I want to clean up a few things in the code before I post it, but the
general idea is to have arbitrary per-pack cache files in the
objects/pack directory. Like this:

  $ cd objects/pack && ls
  pack-a3e262f40d95fc0cc97d92797ff9988551367b75.commits
  pack-a3e262f40d95fc0cc97d92797ff9988551367b75.idx
  pack-a3e262f40d95fc0cc97d92797ff9988551367b75.pack
  pack-a3e262f40d95fc0cc97d92797ff9988551367b75.parents
  pack-a3e262f40d95fc0cc97d92797ff9988551367b75.timestamps
  pack-a3e262f40d95fc0cc97d92797ff9988551367b75.trees

Each file describes the objects in the matching pack. If a new pack is
generated, you'd throw away the old cache files along with the old pack,
and generate new ones. Or not. These are totally optional, and an older
version of git will just ignore them. A newer version will use them if
they're available, and otherwise fallback to the existing code (i.e.,
reading the whole object from the pack). So you can generate them at
repack time, later on, or not at all. For now I have a separate command
that generates them based on the pack index; if this turns out to be a
good idea, it would probably get called as part of "repack".

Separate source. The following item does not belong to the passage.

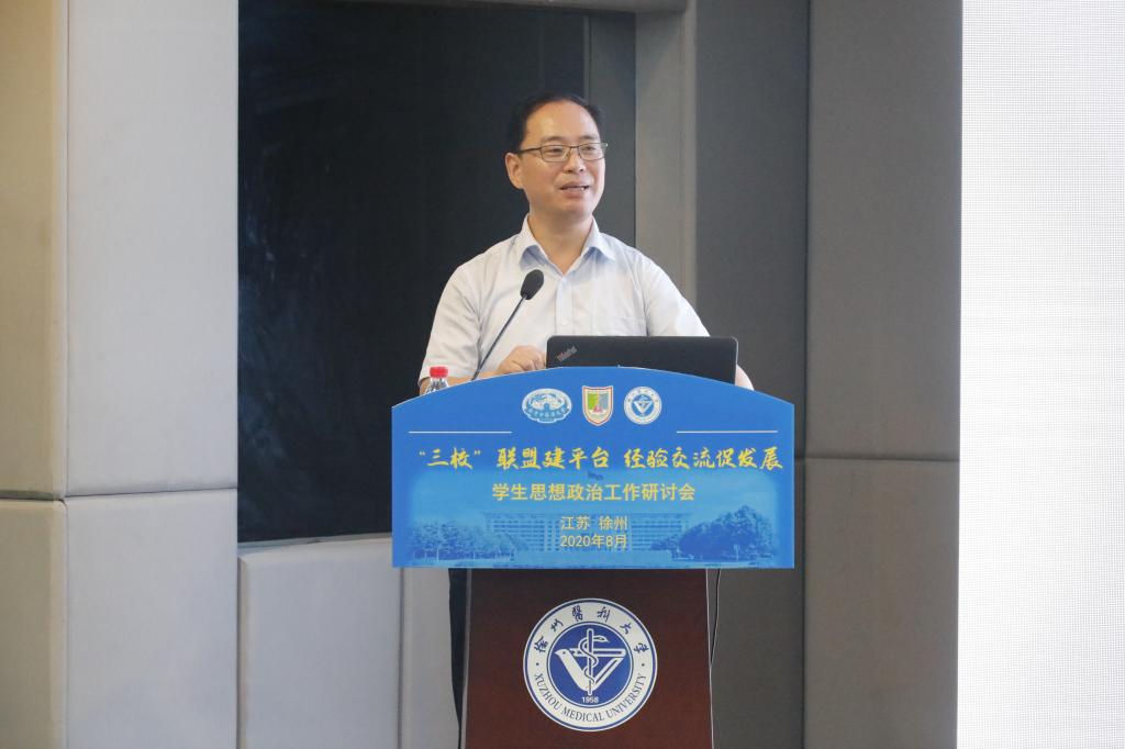 徐海波副书记在开幕式上致辞,他充分肯定了自“三校”联盟成立以来,三所高校在医学生思想政治教育和学生工作内涵建设等方面所开展的工作和取得的成效,希望本次研讨会能为三校学生工作提供相互学习、相互借鉴、思想碰撞的机会,并预祝研讨会圆满成功。

Each file is a set of fixed-length records. The "commits" file contains
the sha1 of every commit in the pack (sorted). A binary search of the
mmap'd file gives the position of a particular commit within the list,
and that position is used to index the parents, timestamps, and trees
files (obviously if it is missing, then the other files are useless, but
we already have to be able to fallback to just reading the objects
anyway).

I split it out into multiple files because you can actually operate with
a subset (though in my initial attempt, I transparently plug in at the
parse_commit layer, which means we need all items to consider the commit
"parsed", whether the caller actually cares or not. But in theory a
reader could only want to ask for one item).  Making a "generation"
cache file is an obvious next step (and because we already have
"commits", it is only 4 bytes per commit on top of it). Reachability
bitmaps would be another one (though due to the compression, I am not
sure they will work with a fixed-size record design, so this may need
some modification).

Anyway, here are the numbers I came up with (appended to my earlier
compression numbers):

git.git:
 Pack  | Size          |  Cold Revs  |  Warm Revs  | Cold Objects | Warm Objects
-------+---------------+-------------+-------------+--------------+--------------
  none |  56.72        | 0.68        | 0.33        |  2.45        |  1.94       
commit |  64.61 (+13%) | 0.50 (-26%) | 0.09 (-74%) |  2.42  (-1%) |  1.69 (-13%)
  tree |  60.68  (+6%) | 0.79 (+16%) | 0.33   (0%) |  2.23  (-8%) |  1.75  (-9%)
  both |  68.54 (+20%) | 0.48 (-29%) | 0.08 (-75%) |  2.24  (-8%) |  1.48 (-23%)
 cache |  59.29  (+4%) | 0.57 (-16%) | 0.05 (-84%) |  2.23  (-8%) |  1.66 (-14%)

linux.git:
 Pack  | Size          |  Cold Revs  |  Warm Revs  | Cold Objects | Warm Objects
-------+---------------+-------------+-------------+--------------+--------------
  none | 864.61        | 8.66        | 4.07        | 42.76        | 36.32       
commit | 970.46 (+12%) | 8.87  (+2%) | 1.02 (-74%) | 42.94   (0%) | 33.43  (-7%)
  tree | 895.37  (+3%) | 9.08  (+4%) | 4.07   (0%) | 36.01 (-15%) | 29.62 (-18%)
  both |1001.25 (+15%) | 8.90  (+2%) | 1.03 (-74%) | 35.57 (-16%) | 26.25 (-27%)
 cache | 894.78  (+3%) | 4.88 (-43%) | 0.69 (-83%) | 38.80  (-9%) | 32.79  (-9%)

webkit.git:
 Pack  | Size          |  Cold Revs  |  Warm Revs  | Cold Objects | Warm Objects
-------+---------------+-------------+-------------+--------------+--------------
  none |   3.46        | 1.61        | 1.38        | 20.46        | 18.72       
commit |   3.54  (+2%) | 1.42 (-11%) | 0.34 (-75%) | 20.42   (0%) | 17.57  (-6%)
  tree |   3.59  (+3%) | 1.61   (0%) | 1.39   (0%) | 16.01 (-21%) | 14.00 (-25%)
  both |   3.67  (+6%) | 1.45 (-10%) | 0.34 (-75%) | 15.94 (-22%) | 12.91 (-31%)
 cache |   3.47   (0%) | 0.49 (-69%) | 0.14 (-90%) | 19.53  (-4%) | 17.86  (-4%)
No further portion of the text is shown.